Humans really like to anthropomorphize things. Loud rumbles in the clouds? There must be a dude on top of a mountain somewhere who's in charge of it. Impressed by that tree? It must have a spirit that's like our spirits.
I think a lot of the reason LLMs are enjoying such a huge hype wave is that they invite that sort of anthropomorphization. It can be really hard to think about them in terms of what they actually are, because both our head-meat and our culture has so much support for casting things as other people.
Edit: grammar
With LLMs the better I get at the scaffolding and prompting, the less it feels like catherding (so far at least). Hence the comparison.
Makes me wonder if there had been equal investment into specialized tools which used more fine-tuned statistical methods (like supervised learning), that we would have something much better then LLMs.
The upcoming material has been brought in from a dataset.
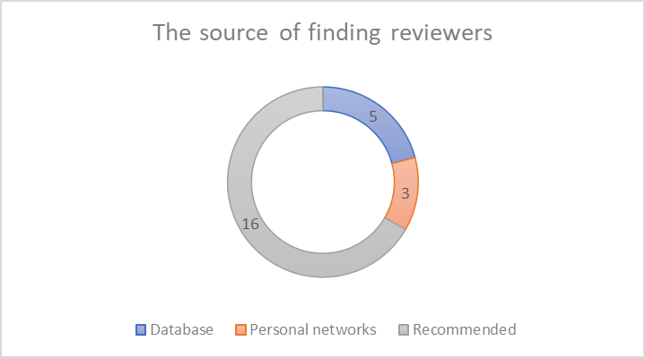 We learned of two-thirds of the reviewers through recommendations, which is the source we preferred as our knowledge and network in the relevant fields are limited.

I keep thinking about spell checkers and auto-translators, which have been using machine learning for a while, with pretty impressive results (unless I’m mistaken I think most of those use supervised learning models). I have no doubt we will start seeing companies replacing these proven models with an LLM and a noticeable reduction in quality.
If an LLM learned something when you gave it commands, it would probably be reflected in some adjusted weights in some of its operational matrix. This is true of human learning, we strengthen some neural connection, and when we receive a similar stimuli in a similar situation sometime in the future, the new stimuli will follow a slightly different path along its neural pathway and result in a altered behavior (or at least have a greater probability of an altered behavior). For an LLM to “learn” I would like to see something similar.
I wrote a bit about that here - I've turned it off: https://simonwillison.net/2025/May/21/chatgpt-new-memory/
Admittedly, you have to wrap LLMs to with stuff to get them to do that. If you want to rewrite the rules to excluded that then I will have to revise my statement that it is "mostly, but not completely true".
:-P
I think SSR schedulers are a good example of a Machine Learning algorithms that learns from it’s previous interactions. If you run the optimizer you will end up with a different weight matrix, and flashcards will be schedule differently. It has learned how well you retain these cards. But an LLM that is simply following orders has not learned anything, unless you feed the previous interaction back into the system to alter future outcomes, regardless of whether it “remembers” the original interactions. With the SSR, your review history is completely forgotten about. You could delete it, but the weight matrix keeps the optimized weights. If you delete your chat history with ChatGPT, it will not behave any differently based on the previous interaction.